Stored records
┄┄┄┄┄┄┄┄┄┄┄┄┄┄┄┄┄┄┄┄
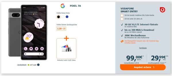*TARIF EFF. GRATIS* Google Pixel 7a + Nintendo Switch OLED + 20GB LTE/5G + Alles-Flat im VF-Netz für 29,99€/Monat + 200€ Bonus
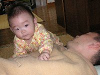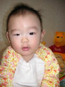 今朝。いつものように隆ちゃんが起きて元気に一人で遊んでいた。ぼぉ~っと見てて7時過ぎたら大体ミルクを作り始める。その間、パパが見ている★ミルクができたので、パパから隆ちゃんを受け取る。ミルクを飲ませた後、また遊ばせようとお座りさせると。。。あれ?なんか、いつもと違う感じ・・・ああ!!!!!!左の髪の毛が・・・・たってる!ねぐせだぁ~o(゚ー゚*o)(o*゚ー゚)o産まれて初めての寝癖が付いてましたw髪の毛があんまりなかったのでw伸びてきたのねぇ~((^┰^))ゞ テヘヘ 良かったね♪***********************************************記念に一枚★
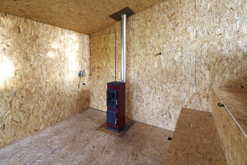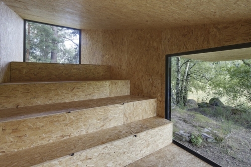 Unutrašnjost brvnare, koja meri samo 18,5 metara kvadratnih, sastoji se od jedne prostorije obložene svetlim OSB pločama. Iako mali, prostor je multifunkcionalan: velike stepenice imaju i ulogu mesta za sedenje ili spavanja i mogu biti otvoreni kako bi se u njih smestile stvari.
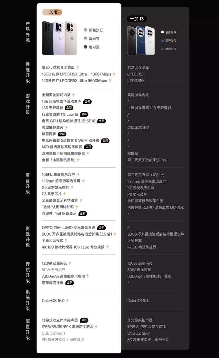 上图为官网列举的一加15和一加13主要配置对比表。
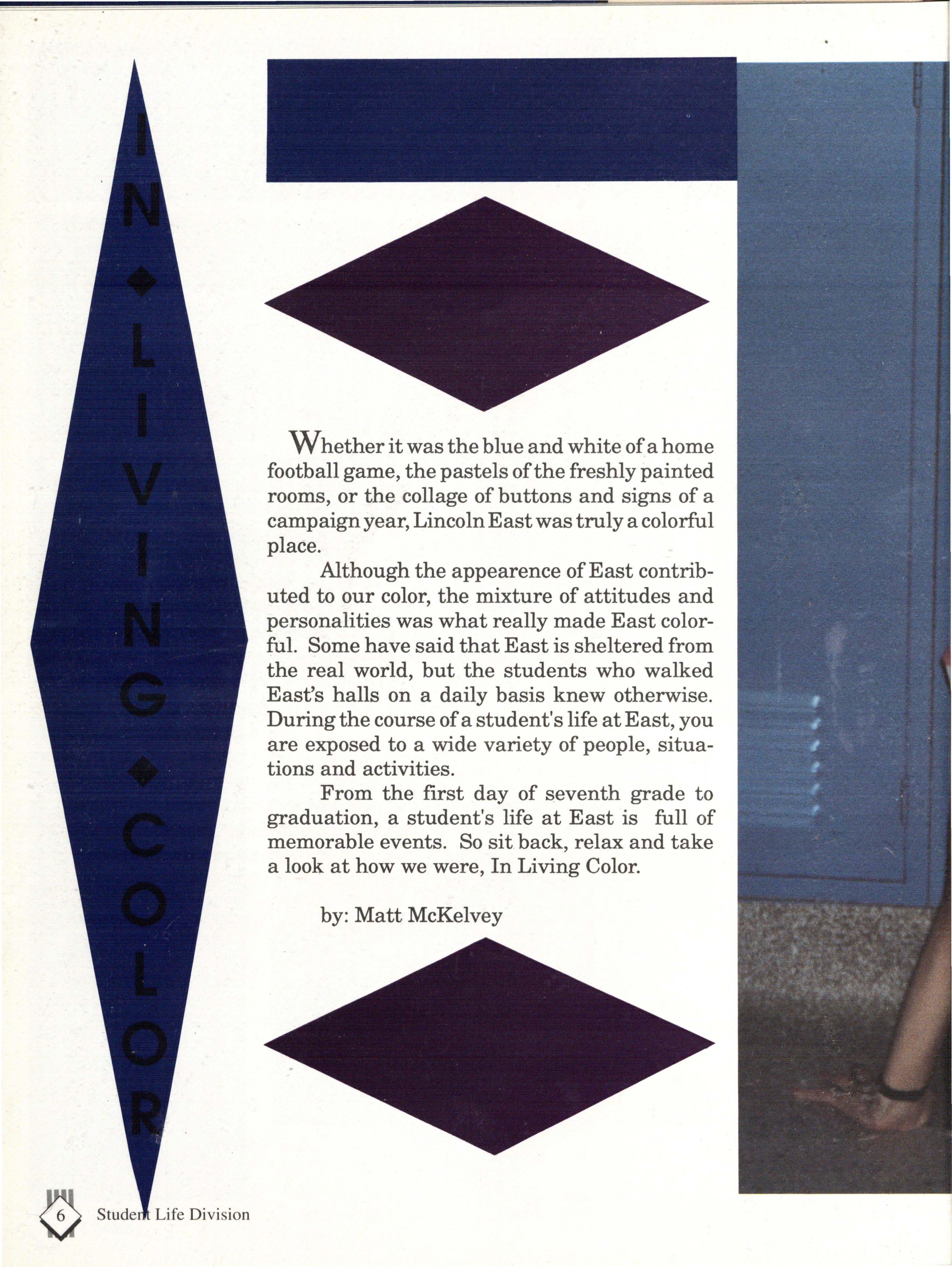 From the first day of seventh grade to graduation, a student's life at East is full of memorable events. So sit. back, relax and take a look at how we were, In Living Color.
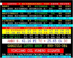 Lotto: iI 41 a BARI ritarda da 96 estrazione. LOTTOMIO n. 989 è in edicola ogni Martedì. Se non lo trovi LOTTOMIO e LOTTOPIU' chiama lo 0541 - 933782 oppure invia messaggino al nostro WhatsApp 335-8448925 ciao e grazie. Vinciamo su LOTTOMIO anche con Le SCOMMESSE con LA TRIPLA SECCA...
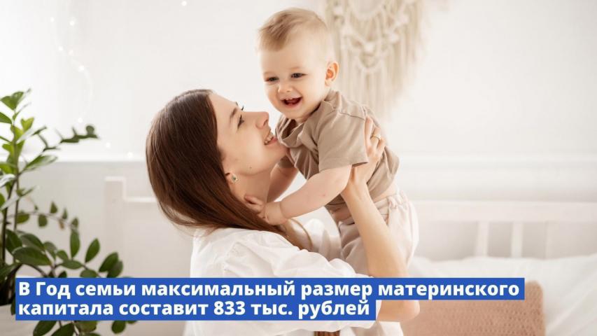 Новости → В Год семьи, объявленный Президентом России Владимиром Путиным, максимальный размер материнского капитала составит 833 тыс. рублей
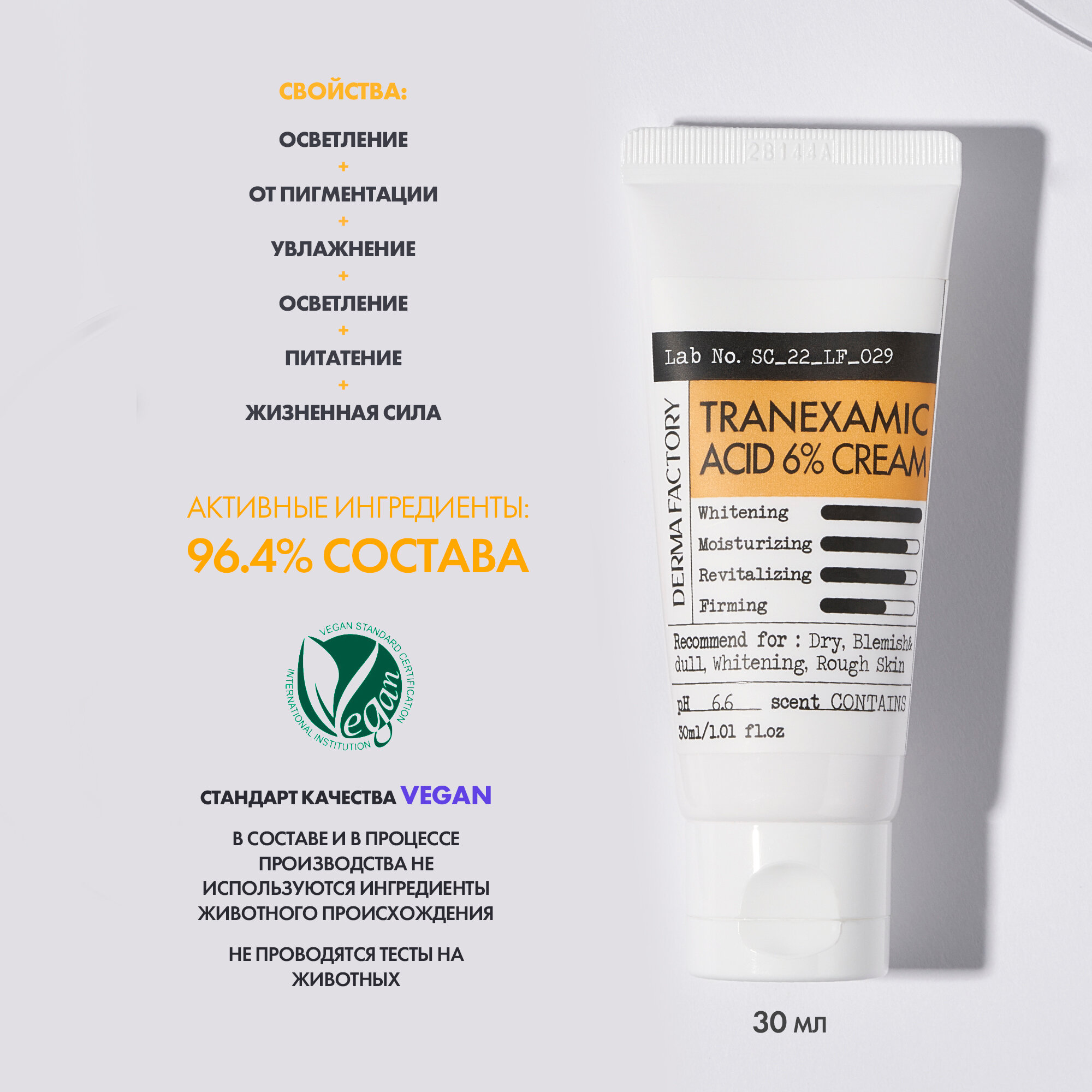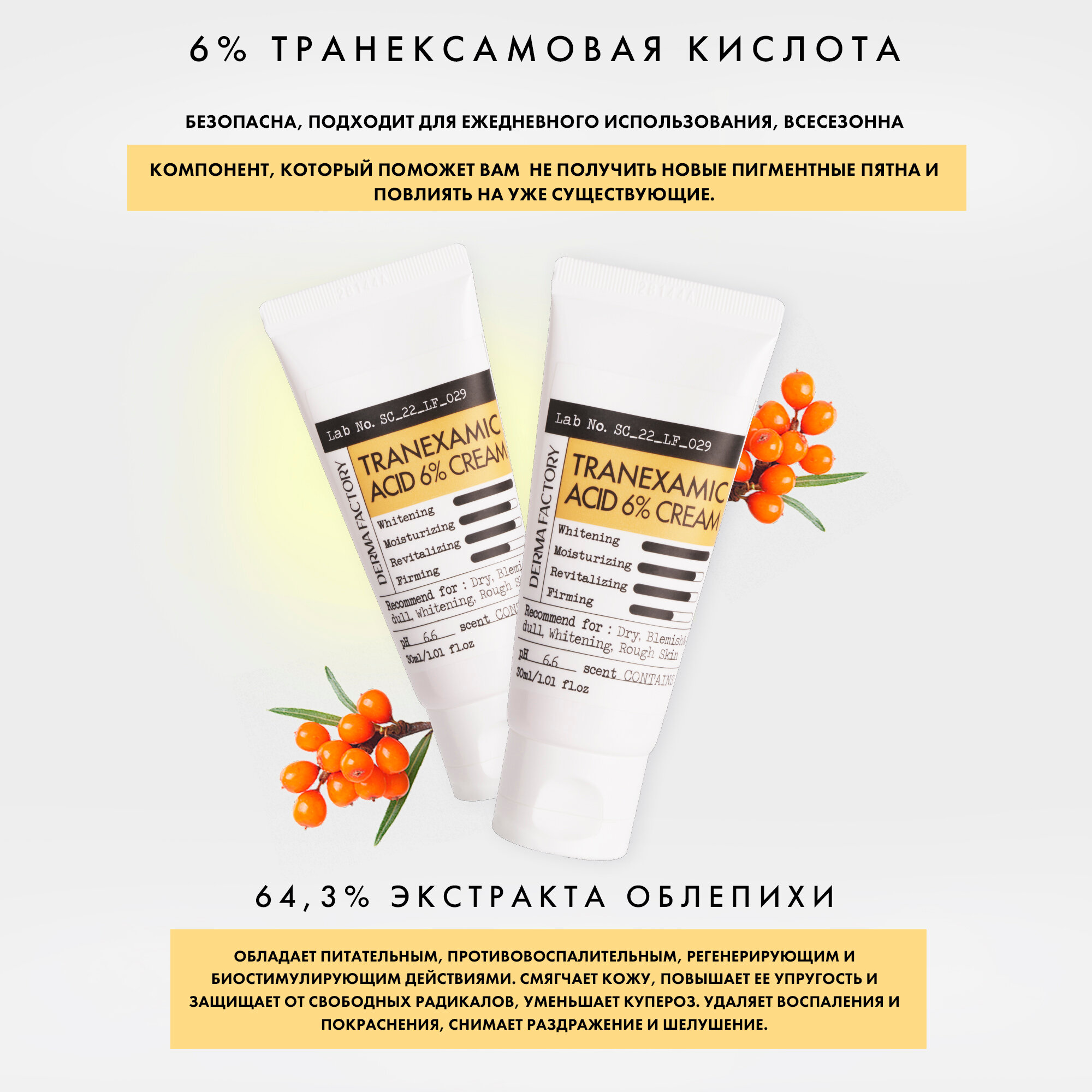 Крем для лица Derma Factory с транексамовой кислотой 6% Крем с 6% транексамовой кислотой - Tranexamic acid 6% cream, 30мл
┄┄┄┄┄┄┄┄┄┄┄┄┄┄┄┄┄┄┄┄
TASK STATEMENT: Where the data contains images, drop them and print the rest exactly.

RESPONSE AREA:
*TARIF EFF. GRATIS* Google Pixel 7a + Nintendo Switch OLED + 20GB LTE/5G + Alles-Flat im VF-Netz für 29,99€/Monat + 200€ Bonus
 今朝。いつものように隆ちゃんが起きて元気に一人で遊んでいた。ぼぉ~っと見てて7時過ぎたら大体ミルクを作り始める。その間、パパが見ている★ミルクができたので、パパから隆ちゃんを受け取る。ミルクを飲ませた後、また遊ばせようとお座りさせると。。。あれ?なんか、いつもと違う感じ・・・ああ!!!!!!左の髪の毛が・・・・たってる!ねぐせだぁ~o(゚ー゚*o)(o*゚ー゚)o産まれて初めての寝癖が付いてましたw髪の毛があんまりなかったのでw伸びてきたのねぇ~((^┰^))ゞ テヘヘ 良かったね♪***********************************************記念に一枚★
 Unutrašnjost brvnare, koja meri samo 18,5 metara kvadratnih, sastoji se od jedne prostorije obložene svetlim OSB pločama. Iako mali, prostor je multifunkcionalan: velike stepenice imaju i ulogu mesta za sedenje ili spavanja i mogu biti otvoreni kako bi se u njih smestile stvari.
 上图为官网列举的一加15和一加13主要配置对比表。
 From the first day of seventh grade to graduation, a student's life at East is full of memorable events. So sit. back, relax and take a look at how we were, In Living Color.
 Lotto: iI 41 a BARI ritarda da 96 estrazione. LOTTOMIO n. 989 è in edicola ogni Martedì. Se non lo trovi LOTTOMIO e LOTTOPIU' chiama lo 0541 - 933782 oppure invia messaggino al nostro WhatsApp 335-8448925 ciao e grazie. Vinciamo su LOTTOMIO anche con Le SCOMMESSE con LA TRIPLA SECCA...
 Новости → В Год семьи, объявленный Президентом России Владимиром Путиным, максимальный размер материнского капитала составит 833 тыс. рублей
 Крем для лица Derma Factory с транексамовой кислотой 6% Крем с 6% транексамовой кислотой - Tranexamic acid 6% cream, 30мл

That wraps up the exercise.